Serum samples and phenotypes of Landscape patients were obtained from the central repository at Marburg University. Popgen controls were nearly perfectly matched with respect to sex and age to the patients and serum samples obtained from the popgen biobank at Kiel University [6]. PD patients and sex as well as approximately age matched controls from the Department of Neurology, Kiel University were prospectively collected exclusively by FH. FH assessed the following phenotypes in PD patients: age, sex, UPDRS III, dementia (no, yes), mild cognitive impairment (MCI, no, yes) by neuropsychiatric examination and via consultation of the clinical records. FH examined the Kiel University controls rendering dementia and severe mood disorders unlikely. All controls were free of self-reported neuropsychiatric disease. All popgen controls underwent a standardized general physical examination by the study physicians and completed questionnaires including screening questions for mood disorders which revealed no evidence for a neuropsychiatric disease or dementia. However, formal neuropsychological testing for dementia was not performed in either control group and mood disorders were not assessed in patients as well as Kiel controls.

Serological analyses

Serum samples of all participants were processed according to previously published, validated procedures also used in both previous studies at Euroimmun, Lübeck, Germany [4, 5]. Serum was tested at a starting dilution of 1:10 on fixed transfected HEK-cells using FITC labelled goat-anti-human Ig detecting all isoforms. Positive samples were further assessed using Fc-specific anti-human IgG, IgA or IgM and performing serial dilutions according to manufacturer’s instructions (Euroimmun). End-point titres were assessed by researchers blinded to clinical data. In addition to NMDAab IgG, IgA and IgM, a number of additional autoantibodies were assessed. None of them was prevalent enough to perform a meaningful statistical analysis (data not shown).

Statistical analyses

All statistical analyses were performed using RStudio (version 1.0.136). Detailed data on NMDAab titres are found in Additional file 1: Table S1. For comparability with previous studies we regarded all samples with any titre of NMDAab as positive. However, we also performed the analyses regarding only titres > 1:32 as positive because the value of low NMDAab titres is a matter of debate. Both definitions of NMDAab positivity revealed essentially the same results, meaning that p-values changed but none of the insignificant differences between groups became significant or vice versa (data not shown).

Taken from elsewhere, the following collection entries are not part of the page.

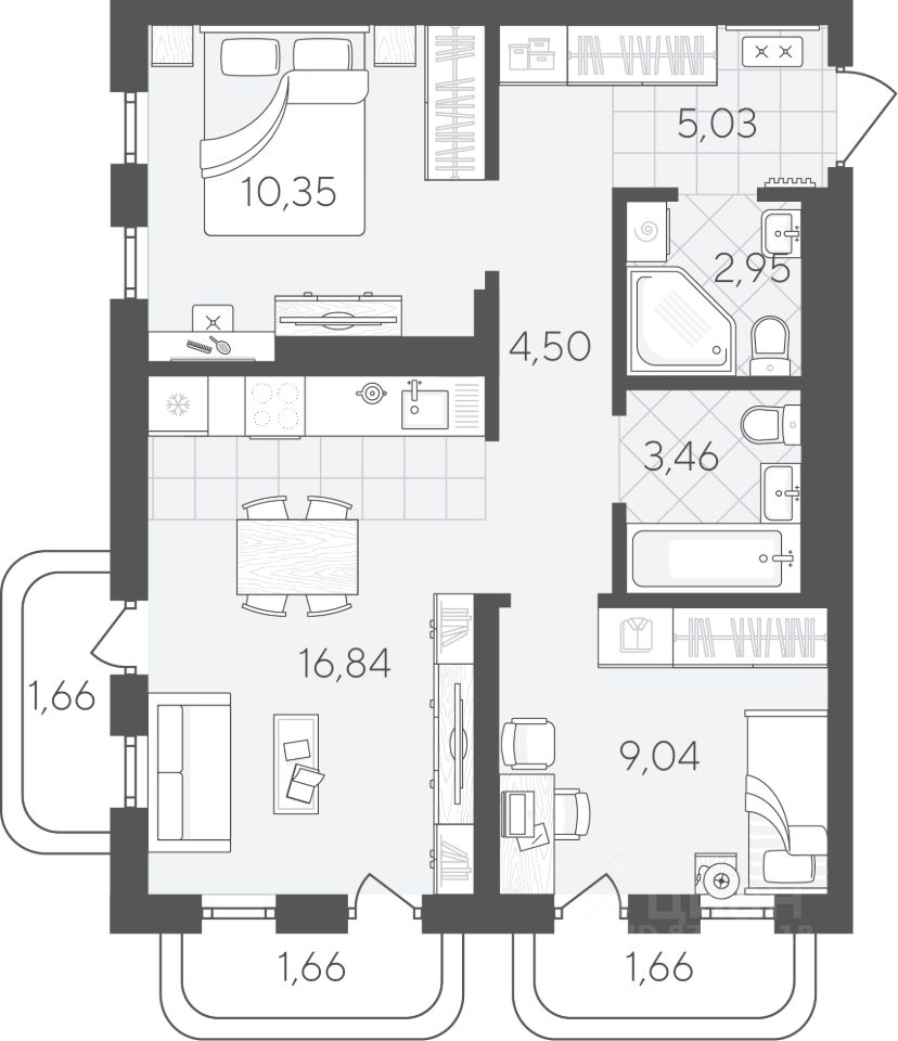 Квартира с 2 спальнями площадью 57,15 кв.м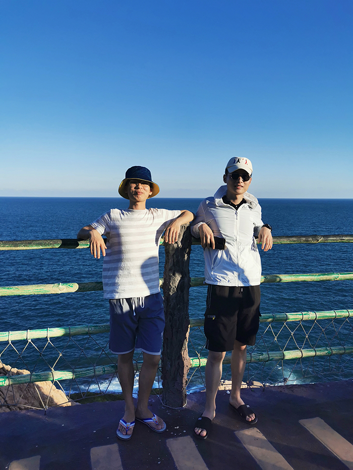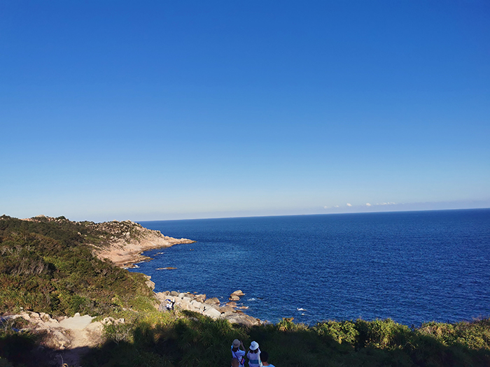 稍作休息后,下午3點(diǎn)多,我們游覽了觀景臺(tái)。這里三面環(huán)海,風(fēng)景如畫(huà)?;輺|的雙月灣,由兩片半月形灣畔形成,而這一壯闊美景,只有登頂大星山的觀景臺(tái)才能看到。駐足在雙月灣觀景臺(tái)的最前端,極目遠(yuǎn)眺,藍(lán)天、白云、大海,水天相接,令人心曠神怡。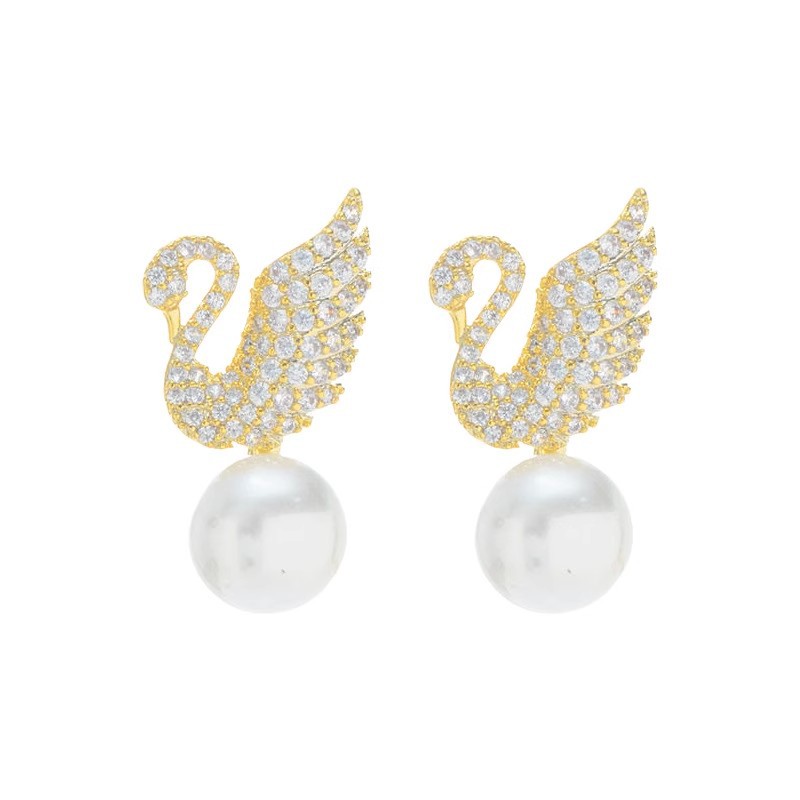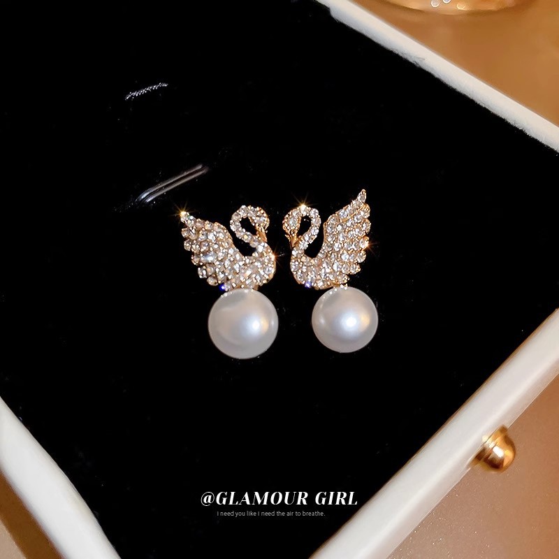 彤彤兔 s925银针韩版镶钻天鹅珍珠耳环时尚小巧百搭耳钉个性气质新款耳饰

For comparison of categorical values between groups, we used the Chi-square test (chi2). Age at examination, age at PD onset and PD duration were compared using Student’s t-test (t) for two groups and analysis of variance (ANOVA) for more than two groups. Non-normally distributed interval-scaled or ordinal data were compared using the Mann-Whitney-U test (MWU) for two groups and the Kruskal-Wallis test (KW) for more than two groups. The quantitative relationship between age (exposure) and antibody status (outcome) was assessed using logistic regression (LR) in order to obtain odds-ratios.

Results

It is now well recognized that NMDAab receptor encephalitis is a separate etiologic entity caused only by specific IgG but not by IgA or IgM NMDAab [3]. Therefore we excluded IgG NMDAab from the analysis. However, since only one PD and two controls had positive IgG NMDAab, including or excluding them had only extremely minor impact on the results which was far from changing any statistically insignificant differences to significant ones or vice versa (data not shown). In the following parts we will therefore refer to NMDAab of the IgA and IgM subclasses in our sample as NMDAab.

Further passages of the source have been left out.